When I go to a restaurant or café, I love to see the places we frequent grow and become more creative in their meal choices as the clients become bolder and more educated in their food choices. While some places have been pushing the boundaries, some other restaurants and cafes have been taking an old favourite recipe and perfecting each dish to grow their reputation instead.
One thing I have noticed is how much the humble mousse has come back into foodie fashion this year, a month ago I visited friends and family in Brisbane and I was happy to see that most of the menus had their own twist on the traditional moreish mousse. I have also seen it coming into foodie fashion back home in Perth where I’m finding it more and more on the menus as well. It might not always be the star on the dish but its creeping back more and more even as an accompaniment to the hero (or star) on the plate.
This is music to my ears as mousse has to be hands down one of my favourite items on a menu. Even though most of the times we can see mousse on the menu as a dessert, it can also be incorporated into savoury dishes. The great thing about mousse is that its like goldie locks and the 3 bears story. You can have it in a number of different ways, thick, fluffy, sweet, savoury and for most people, they can find a mousse that is (and I quote) “just right”.
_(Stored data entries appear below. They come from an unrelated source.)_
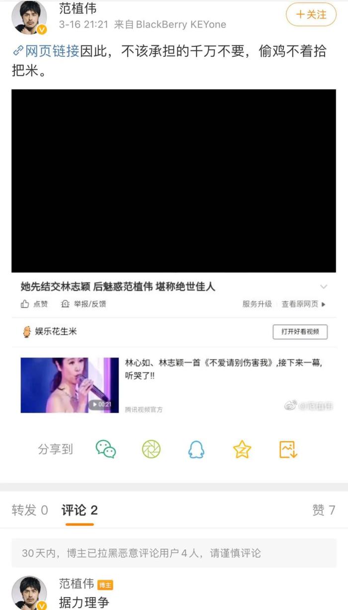 揭露女方的过去,自己也变成“渣男”,范植伟的行为真是损人不利己。不过,对艺人来讲,网友对他的冷漠与无视,也算是对他最好的惩罚了吧。
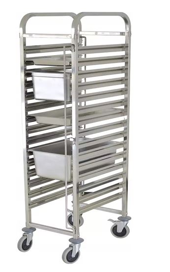 Тележка-шпилька для гастроемкостей MXRT1511MG9 используется на предприятиях общественного питания и торговли для транспортировки и хранения противней. Модель оснащена 4 поворотными колесами, 2 из которых снабжены тормозными устройствами. Тележка не подходит для использования внутри ротационных печей или камер шоковой заморозки. Каркас выполнен из стали 201.
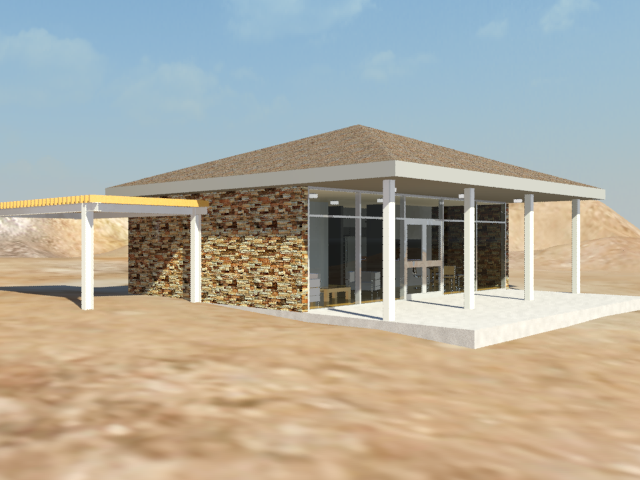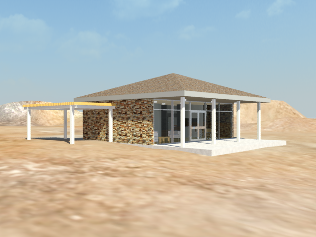 房屋看上去不错,但地形似乎过于规则,因为它尚未在 Revit 中优化。在后续的过程中,您将使用在 3ds Max 中创建的材质来替换地形材质。
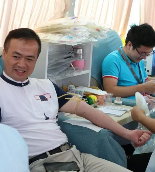上午九点不到,参加献血的志愿者早已来到现场,在现场医护人员的指导下,志愿者们秩序井然的地取表、填表、体检、验血、献血。集团公司总裁黄伟文先生率先带头献血,他动情地说,要用自己的爱心托起他人生命的希望,作为社会的一员和企业的一分子都应该带头参与进来。

This classic item brings back nostalgic memories and as a result whenever I see mousse on a menu, it creates a feeling of wonderment in a dish and I can’t help but get excited by the prospect of what it might be.
As a child, when I went out to dinner with the family, this was the dessert I got when I was really good. It was a treat and to this day, it still feels like a special meal that I will only have if I discover it on a restaurant menu and the connection between my life long memories and food is why I am a passionate foodie.